▶ What needs to be done: Output all of the data exactly, keeping any images out of the copy.

▶ Data:
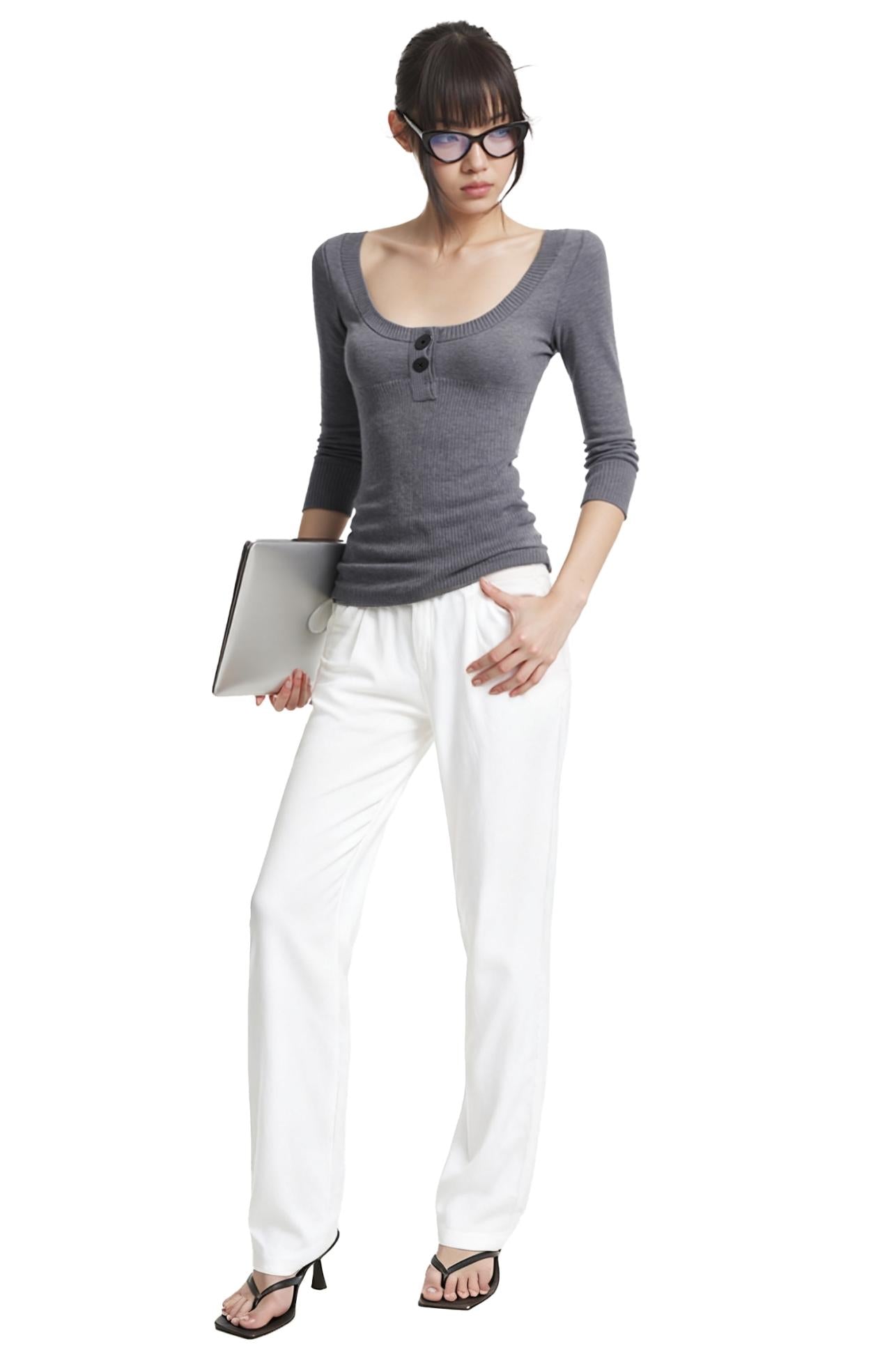 Black Shoulder Knit Top
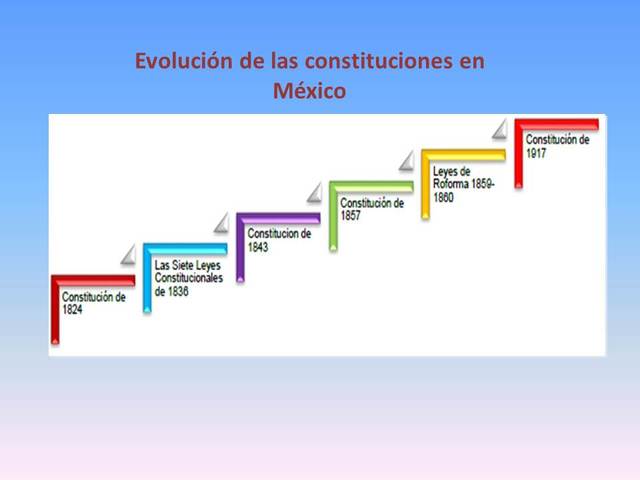 Etapas de la Constitución By Mary Lupis Period: Mar 18, 1812 to Mar 18, 1812 Constitución de Cadiz Period: Oct 22, 1814 to Oct 22, 1814 Constitución de Apatzingán Period: Dec 18, 1822 to Dec 18, 1822 Reglamento Provisional Político del Imperio Mexicano Period: Jan 31, 1824 to Jan 31, 1824 Acta Constitutiva de la Federación Period: Oct 4, 1824 to Oct 4, 1824 Constitución Federal de los Estados Unidos Mexicanos Period: Dec 29, 1836 to Dec 29, 1836 Leyes Constitucionales Period: Jun 12, 1843 to Jun 12, 2016 Bases de la Organización Política de la República Mexicana (junio 12, 1843). Period: May 18, 1847 to May 18, 1847 Acta Constitutiva y de Reforma Period: Feb 5, 1857 to Feb 5, 1857 Constitución Política de la República Mexicana Period: Feb 5, 1857 to Feb 5, 1857 Reformas a la Constitución Política de la República Mexicana del 5 de febrero de 1857 Period: Apr 10, 1865 to Apr 10, 1865 Estatuto Provisional del Imperio Mexicano (abril 10, 1865) Period: Feb 5, 1917 to Feb 5, 1917 Constitución Política de los Estados Unidos Mexicanos Period: Feb 5, 1917 to Feb 5, 1917 Constitución Política de los Estados Unidos Mexicanos
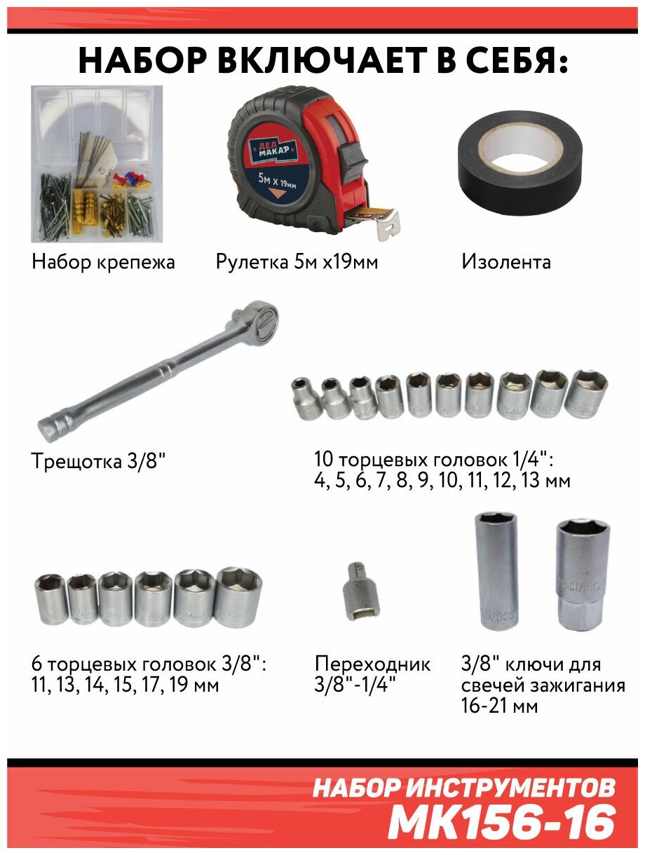 Набор инструментов Дед Макар МК156-16 156 предметов 00-00015623 интересное:
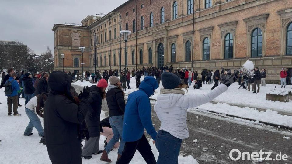 Mehrere Hundert Menschen haben sich nach einem Aufruf in den Sozialen Medien eine Schneeballschlacht an der Alten Pinakothek in München geliefert. Unter anderem auf Instagram hatte nach den heftigen Schneefällen ein Nutzer zu „Deutschlands größter Schneeballschlacht“ aufgerufen.

▶ Answer to this problem:
 Black Shoulder Knit Top
 Etapas de la Constitución By Mary Lupis Period: Mar 18, 1812 to Mar 18, 1812 Constitución de Cadiz Period: Oct 22, 1814 to Oct 22, 1814 Constitución de Apatzingán Period: Dec 18, 1822 to Dec 18, 1822 Reglamento Provisional Político del Imperio Mexicano Period: Jan 31, 1824 to Jan 31, 1824 Acta Constitutiva de la Federación Period: Oct 4, 1824 to Oct 4, 1824 Constitución Federal de los Estados Unidos Mexicanos Period: Dec 29, 1836 to Dec 29, 1836 Leyes Constitucionales Period: Jun 12, 1843 to Jun 12, 2016 Bases de la Organización Política de la República Mexicana (junio 12, 1843). Period: May 18, 1847 to May 18, 1847 Acta Constitutiva y de Reforma Period: Feb 5, 1857 to Feb 5, 1857 Constitución Política de la República Mexicana Period: Feb 5, 1857 to Feb 5, 1857 Reformas a la Constitución Política de la República Mexicana del 5 de febrero de 1857 Period: Apr 10, 1865 to Apr 10, 1865 Estatuto Provisional del Imperio Mexicano (abril 10, 1865) Period: Feb 5, 1917 to Feb 5, 1917 Constitución Política de los Estados Unidos Mexicanos Period: Feb 5, 1917 to Feb 5, 1917 Constitución Política de los Estados Unidos Mexicanos
 Набор инструментов Дед Макар МК156-16 156 предметов 00-00015623 интересное:
 Mehrere Hundert Menschen haben sich nach einem Aufruf in den Sozialen Medien eine Schneeballschlacht an der Alten Pinakothek in München geliefert. Unter anderem auf Instagram hatte nach den heftigen Schneefällen ein Nutzer zu „Deutschlands größter Schneeballschlacht“ aufgerufen.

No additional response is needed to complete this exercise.